There’s a good chance of experiencing this in someone’s home kitchen as it is not uncommon for travelers to be invited by Poles to a family dinner. Be forewarned however, as you will need to be prepared to wash down food with neat shots of wódka (vodka).
The Royal Capital of Kraków
Rivalling the elegance of Vienna or Prague (and at half the cost), the ancient royal capital of Kraków is one of Central Europe’s most beautiful architectural showpieces. In the country’s South, this has been Poland’s cultural, intellectual and historical capital for over 500 years and is home to Europe’s largest medieval town square.
Kraków was the only major Polish city to escape World War II relatively unscathed, and its array of monuments have since been hailed as some of Europe’s most compelling by UNESCO.
Today, the city entices travelers with its booming café culture, wild nightlife, arty youthfulness and the majestic Wawel Castle overlooking the Wisła river.
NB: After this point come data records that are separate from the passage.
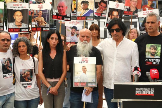 4月18日,在以色列特拉维夫的一处广场,被扣押人员家属举行记者会,要求以政府推动释放被扣押人员。新华社发(吉德翁·马科维奇摄/基尼图片社)
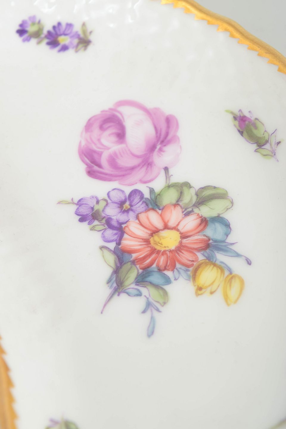 Buet fad i hvidglaseret porcelæn med håndmalet blomsterdekoration i serien Saksisk Blomst, indrammet af forgyldt kant; model 4/1466. 1. sortering, ca. 1910’erne.
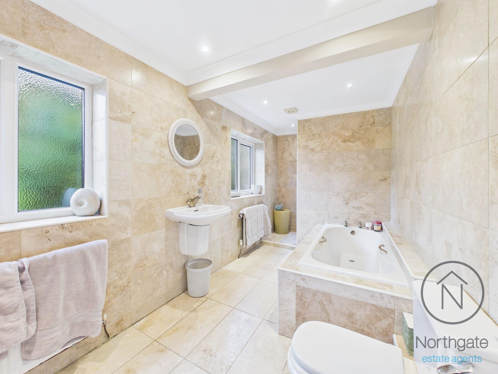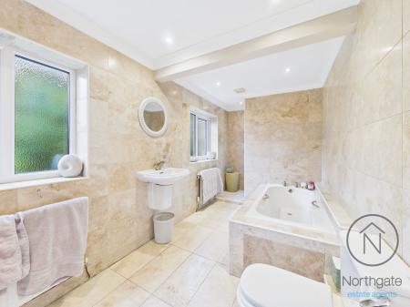 Upstairs, four well-proportioned bedrooms provide excellent flexibility for growing families or those working from home. One bedroom enjoys the benefit of a sleek en-suite shower room, while the impressive principal suite boasts a spacious walk-in wardrobe and access to a substantial Jack and Jill bathroom, delivering both luxury and convenience.
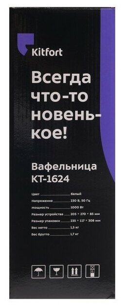 1624-КТ Вафельница Kitfort.Мощность: 1000 Вт.Длина шнура: 0,68 м.
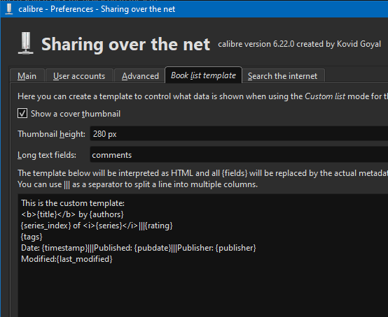 I know somehow I found the one that affected what's displayed when via the content server. However, I can't find it now! So, specifically, how do I access via the Calibre program which metadata fields will display when viewing a book via the content server? I need to add my Last Modified field to this view.. It's checked off in the 3 locations I mentioned, but it doesn't show on the content server book details. |
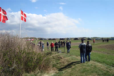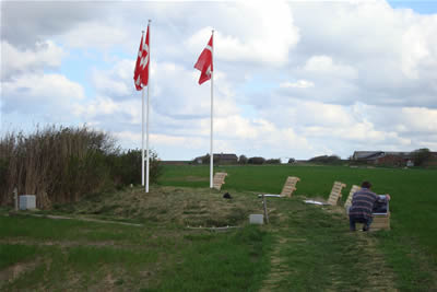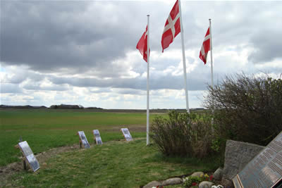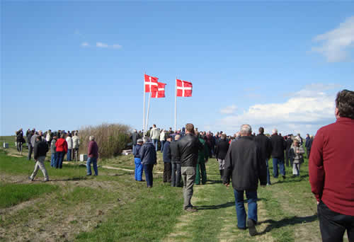 Other Stadil locals, Mr Leif Nielsen and Mr Tommy Nielsen, helped setup the PA system which was provided by Mr Sigvald Brusberg. Mrs Else Jeppesen made coffee and the delicious biscuits which were served to the large crowd. Mrs Kirsten Olesen (from the Stadil archives) sponsored the coffee. Mr Ole Kamp from the Ringkøbing Skjern Kommune (RSK) kindly hosted as Master of Ceremonies, and the RSK provided three fine Danish Flags and arranged for the flagpoles to be erected and removed. Mr David Ashton read the poem “Wings of Thunder” and played "amazing grace" on his whistle. The kind support of Mr Erik Jepsen and his father Mr Egon Jepsen, who own the land at the crash site, kindly prepared parking areas and provided materials for the setup at the site. And our special thanks and appreciation go to Mrs Dormi and Mr Kurt Petersen for stepping in at late notice and ensuring an aerial salute! |
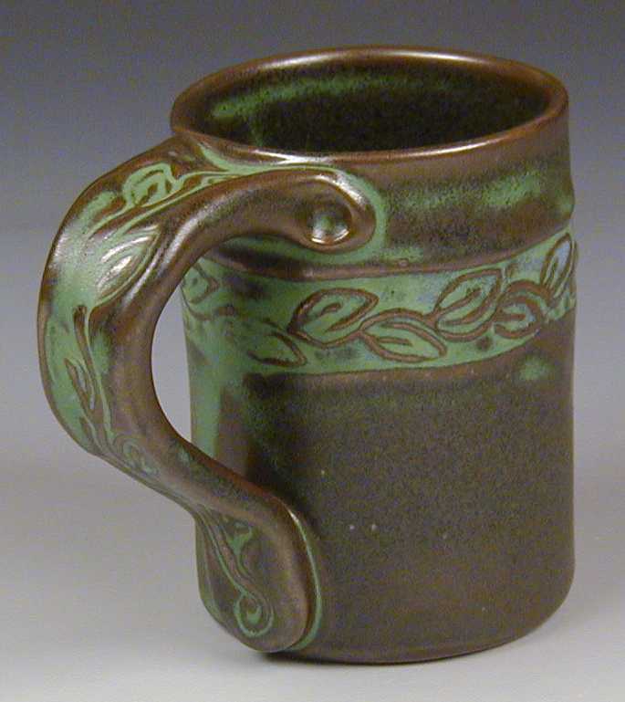 My friend and partner Stephanie made the wheel stamp for this mug. I made a single leaf stamp and hand carve the vines and spirals for the handle.

Kraków delivers a quintessentially charming European experience with its delightful Old Town lined with historic merchant houses and cobbled backstreets buzzing with shops and restaurants until late.
The nearby district of Kazimierz, once a Jewish Quarter of Kraków, fuses old and new with both places of worship and artisan beer houses. The Kazimierz district is also home to a booming foodie scene taking Poland by storm. Given its location, Kraków is a convenient base for exploring Auschwitz and the nearby Tatry Mountains as well.